Finding relevant content and project examples to share on social media channels is a struggle. We all acknowledge the benefits of creating and sharing relevant, interesting, and timely social media content…like this blog! Social media posts constitute relatively low-cost and high-visibility marketing when done well. Social media is also a great venue for short, pithy updates about a realm of resources in which the public is generally interested (cool bridges and archaeological sites are easier to sell to the public than wetlands and overpass inspections). But to get the benefits, firms must overcome—or at least keep pace with—multiple challenges. Below are thoughts about the perceived top three challenges: 1) social media channel selection, 2) developing content, and 3) negotiating approvals to post content.
The challenges start with the social media outlets themselves: there are so many from which to choose, each has its own audience and purpose, and each has a lifecycle (Google just terminated its own social media channel, Google+; see also the rise and fall of MySpace). Commonwealth heavily uses three social media channels: Facebook, Twitter, and LinkedIn. Of the three, Facebook—known primarily as a business-to-consumer (B2C) platform—claims the vast majority of our interaction with the public. One recent study stated that 42% of business-to-business (B2B) marketers admit that Facebook (with over 2 billion users) is the most effective B2B social networking platform for their companies because it is heavily customer-satisfaction centric, cost-effective, provides the chance for companies to interact with existing and potential customers, and more.
For most ACRA member firms, most sales or leads are generated outside of social media (also known as “offline sales”), meaning that the main goal with social media is to build brand awareness by driving traffic to the firms’ websites and generating direct contacts with their teams. We want the people (the C in B2C) who work for other businesses (the second B in B2B: project proponents, designers, constructors, agencies, etc.) to know about our company’s capabilities so they think of us the next time they need a heritage management consultant. One ACRA member firm’s website data tells us that of the three social media channels they use, Facebook is the most useful in driving that goal with over 20% of website traffic coming from a Facebook click.
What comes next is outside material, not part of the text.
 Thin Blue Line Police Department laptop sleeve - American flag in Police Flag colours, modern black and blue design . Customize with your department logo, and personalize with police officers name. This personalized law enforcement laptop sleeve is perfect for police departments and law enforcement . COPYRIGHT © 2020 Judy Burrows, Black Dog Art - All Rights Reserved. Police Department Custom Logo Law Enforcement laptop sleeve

The bigger problem is developing and sharing relevant and interesting content. A firm’s goal is to boost brand awareness and drive traffic through raw and authentic content. The most exciting thing about a heritage management firm is the suite of projects in our portfolio, and therefore the best way to generate buzz is to share content about those projects! However, once channels are chosen, two primary challenges remain.
First, there are limited resources (human, financial, temporal) to develop and post content because there are strains on technical staff to produce required deliverables, let alone content worthy of sharing on social media. Staff are commonly stretched thin because of balancing multiple simultaneous projects, the need to transition to new projects immediately, and trying to find something interesting and/or relevant to share when it may be just another negative survey.
Second, there are strains on management and administrative staff to manage the business and legal aspects of our contract requirements, along with an associated web of approvals and clearances to post newsworthy project-related information via social media. Occasionally, contracts contain explicit clauses about confidentiality, social media sharing, or what constitutes dissemination of work. More often, nothing is explicit in the contract. Yet as business operators, project and client managers, and ethical professionals, we know we need to exercise caution. Things like sensitive archaeological data and the perception by our clients that we’ve over-shared are tough to manage—the latter of which can seriously risk our ability for repeat business (just because the contract isn’t explicit doesn’t mean they would rather we stay quiet!). The time and effort associated with reaching out to clients to ask for explicit permission and sharing a rough draft of the post is often met with either no response or a rejection. Other times, clients perceive it as their product (“We’re paying for it!”), so they’d rather not have us market the material, at least until the final report is on file in a state office or in some cases not even filed (e.g., private-sector due-diligence work).
So, what are strategies you use to manage these challenges? Are there ways to create vague social media posts that are relevant, but protect your company from breaking written or unwritten rules? Do you provide staff with administrative or overhead time to develop social media content at the conclusion of projects? Do you have a method for requesting permission from clients that seems to work more often than not? We’d love to hear from you!